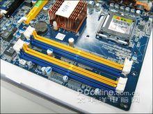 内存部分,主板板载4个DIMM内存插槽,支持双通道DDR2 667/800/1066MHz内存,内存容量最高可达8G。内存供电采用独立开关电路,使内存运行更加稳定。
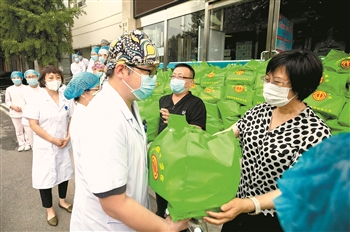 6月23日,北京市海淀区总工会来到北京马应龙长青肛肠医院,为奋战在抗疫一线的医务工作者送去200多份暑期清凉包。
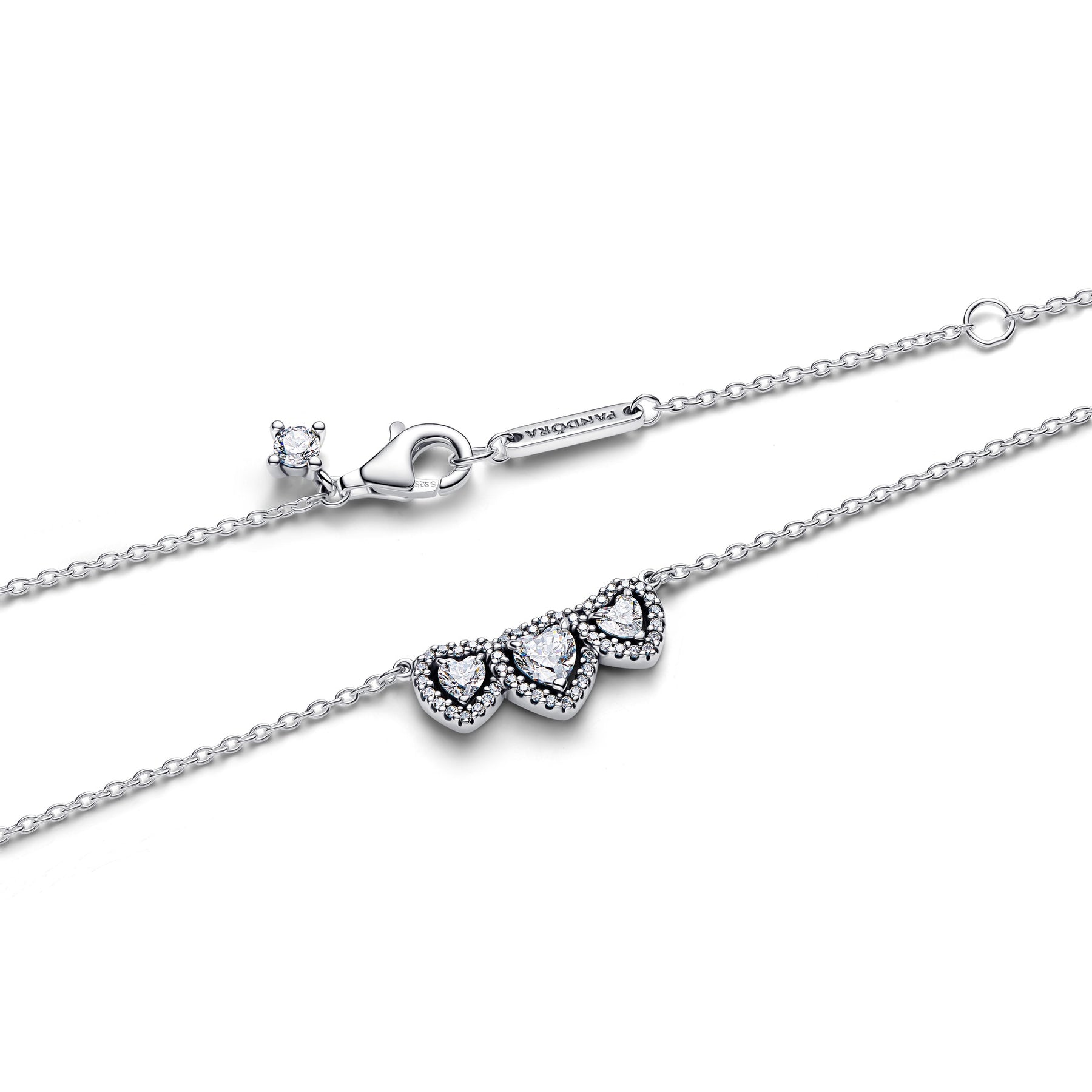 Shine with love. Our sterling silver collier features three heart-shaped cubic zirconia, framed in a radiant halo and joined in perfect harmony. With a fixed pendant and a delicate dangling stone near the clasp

==

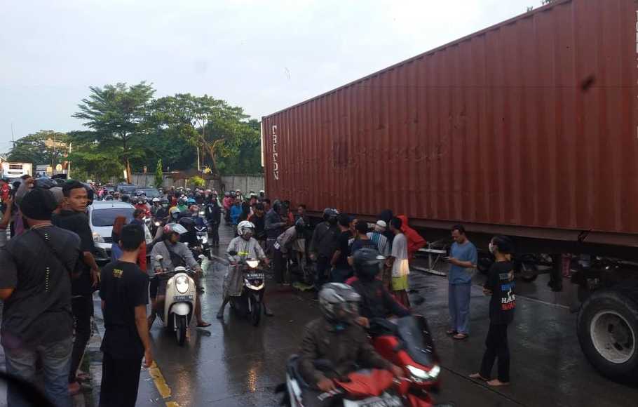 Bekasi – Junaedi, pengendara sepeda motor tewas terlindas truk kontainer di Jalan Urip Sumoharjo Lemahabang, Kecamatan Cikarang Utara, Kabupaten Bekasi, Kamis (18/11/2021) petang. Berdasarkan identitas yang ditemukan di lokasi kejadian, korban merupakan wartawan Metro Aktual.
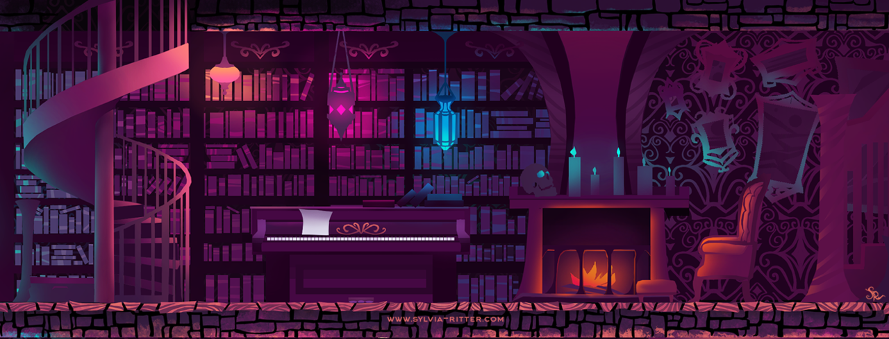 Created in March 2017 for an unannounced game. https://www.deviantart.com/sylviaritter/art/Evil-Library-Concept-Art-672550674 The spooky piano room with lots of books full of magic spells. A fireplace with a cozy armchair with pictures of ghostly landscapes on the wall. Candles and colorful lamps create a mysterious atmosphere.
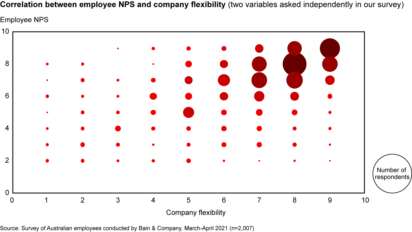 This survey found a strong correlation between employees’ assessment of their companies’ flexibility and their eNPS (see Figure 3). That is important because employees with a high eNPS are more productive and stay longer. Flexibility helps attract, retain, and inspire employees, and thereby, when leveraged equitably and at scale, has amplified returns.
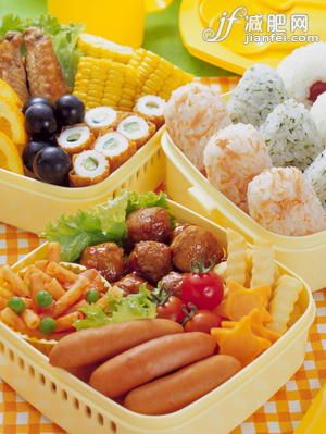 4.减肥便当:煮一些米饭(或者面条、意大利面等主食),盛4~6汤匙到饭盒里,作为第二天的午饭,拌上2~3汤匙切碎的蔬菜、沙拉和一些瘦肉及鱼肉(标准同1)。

▶ Instructions to follow:
Only one stretch of the entries above is needed: the lines from the one containing "This survey found" through the one containing "4.减肥便当:煮一些米饭(或". Copy it exactly, without the pictures.

▶ Answer section:
 This survey found a strong correlation between employees’ assessment of their companies’ flexibility and their eNPS (see Figure 3). That is important because employees with a high eNPS are more productive and stay longer. Flexibility helps attract, retain, and inspire employees, and thereby, when leveraged equitably and at scale, has amplified returns.
 4.减肥便当:煮一些米饭(或者面条、意大利面等主食),盛4~6汤匙到饭盒里,作为第二天的午饭,拌上2~3汤匙切碎的蔬菜、沙拉和一些瘦肉及鱼肉(标准同1)。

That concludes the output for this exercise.